Dear wahine who hit Nolemana two weeks ago. Yes, it’s me again. (And my name’s not Margaret, by the way.. apologies to Ray Stevens.) No! Do not throw away this letter! I am watching you. Open it! You know, back home in Hawai’i as kids we’d call it “getting da slippah” when we’d do something bad and our moms would whip off one slippah (on the mainland you call them flip-flops) and whack us with it as punishment. Our moms could move really, really fast! So before I do geev u da slippah, open da damn letter!
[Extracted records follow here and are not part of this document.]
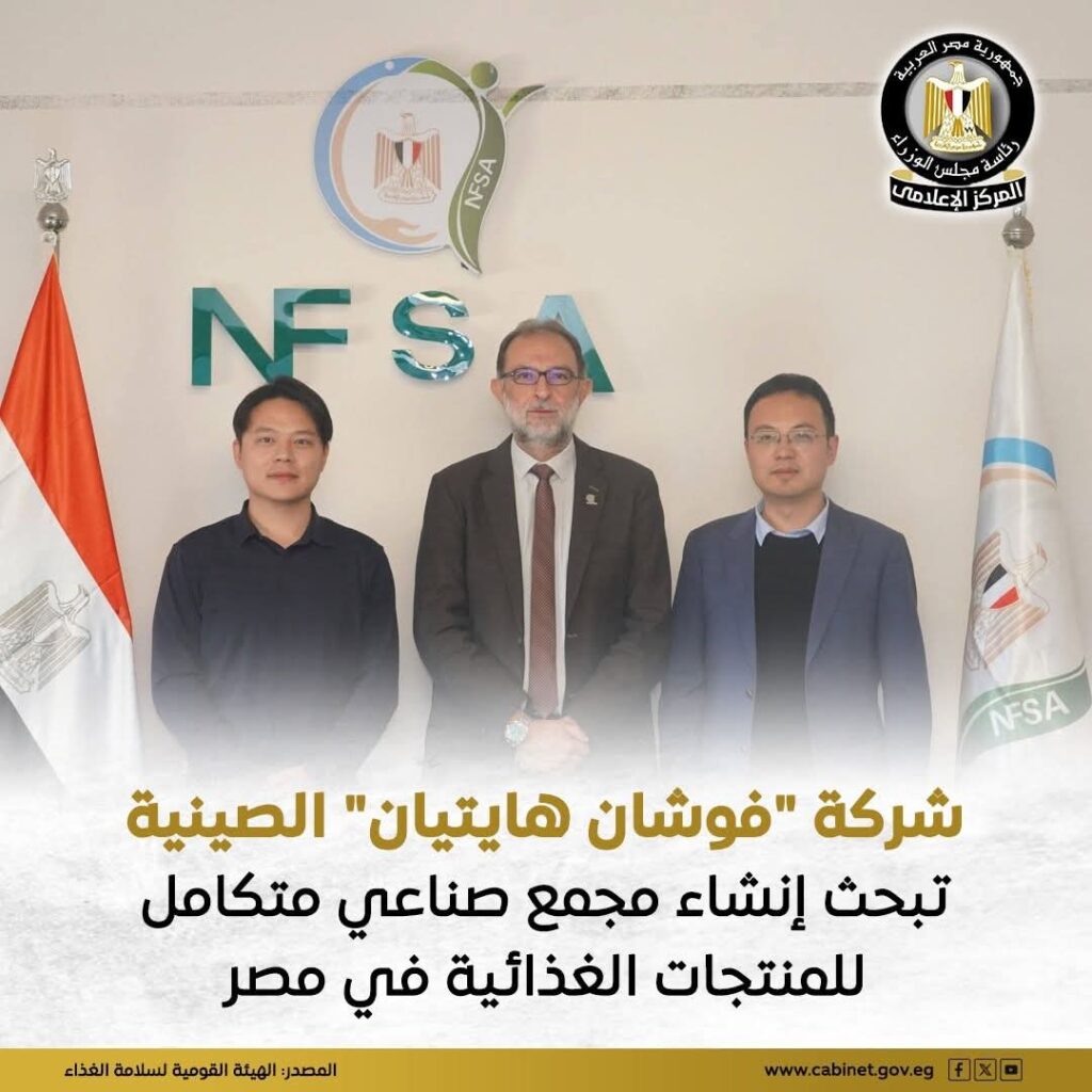 استقبلت الهيئة القومية لسلامة الغذاء وفدًا من شركة Foshan Haitian Flavoring & Food Co., Ltd.، إحدى كبرى الشركات العالمية المتخصصة في صناعة الصلصات والتتبيلات والمنتجات الغذائية، وذلك خلال زيارة رسمية إلى مصر لبحث فرص تأسيس مجمع صناعي متكامل لإنتاج منتجات الشركة.
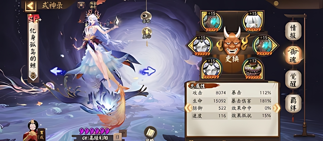3、日和坊应携带树妖套装,主堆生生暴属性,主要职责是为sp千姬提供回血保障,维持队伍生存能力。
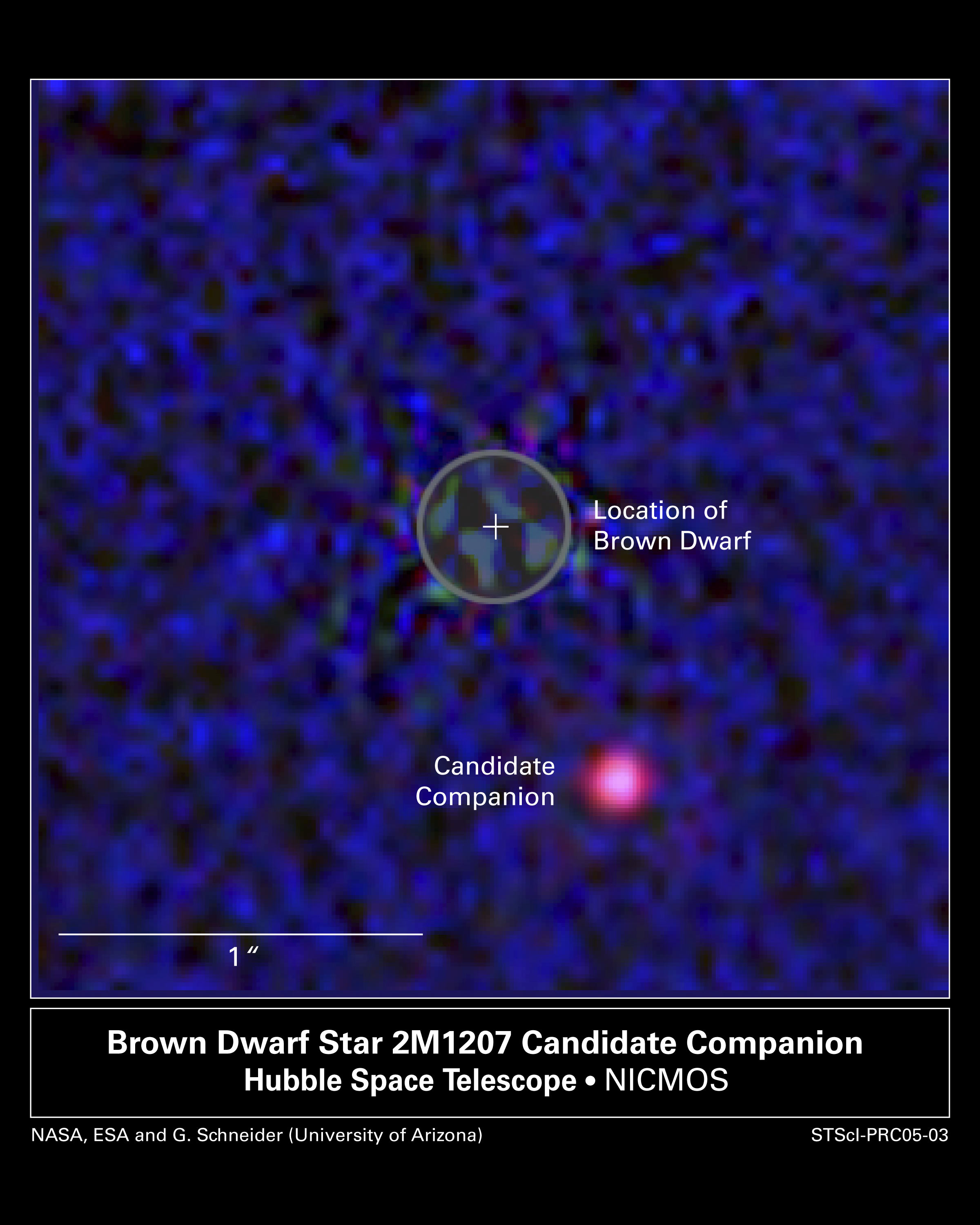 This is an artificial-color Hubble Near Infrared Camera and Multi-Object Spectrometer (NICMOS) infrared-light view of the brown dwarf star 2MASSWJ 1207334-393254 (aka 2M1207) and giant planet companion candidate. The possible companion, estimated to be about five times the mass of Jupiter, is the magenta colored spot at lower right. The brown dwarf's location is within the circle at image center. The glare of the dwarf, which is 700 times brighter than the planet candidate (as seen at Hubble's near-infrared sensitivity) has been greatly reduced through image processing of NICMOS pictures taken at different Hubble orientations. In this picture the dwarf and candidate planet are at a minimum distance of 5 billion miles apart. Further observations will be needed to confirm that the two objects are gravitationally bound. The red, green, and blue colors correspond to infrared wavelengths of (1.6, 1.1, and 0.9 microns respectively). At a temperature of only 1800 degrees Fahrenheit, the candidate companion object appears very red in the NICMOS images.

What give you the right to say Nolemana hit you? You got a lot of nerve, lady! Shall we apply a bit of logic here? The back door and rear bumper of his car has an obvious impact point. Your car has front end damage. He had a green light. You had a red light. You turned onto the highway against said red light. Now logically, unless my hubby was driving down the highway sideways (and would that be a feat!) how could he possibly manage to hit you? You told the insurance agents that he sideswiped you… hmmm.. let’s see now.. how come there’s an obvious impact point, i.e., a nice big dent in the rear door, where you hit him?
May I remind you that at the scene of the accident you said to him,
”I’m so sorry! I didn’t see you! I just don’t know how I didn’t see you!”
Did you forget that?
Were you talking on your cell phone when you hit him?
Because of you, we had to take money out of our pockets to pay for the rental car. Because of you, our claim is delayed for a week while the claims agents figure out who’s lying. Hmmm…. wonder who that could be?
Thank you for reading this letter. Now be a good girl and ‘fess up. I’m tired of waiting.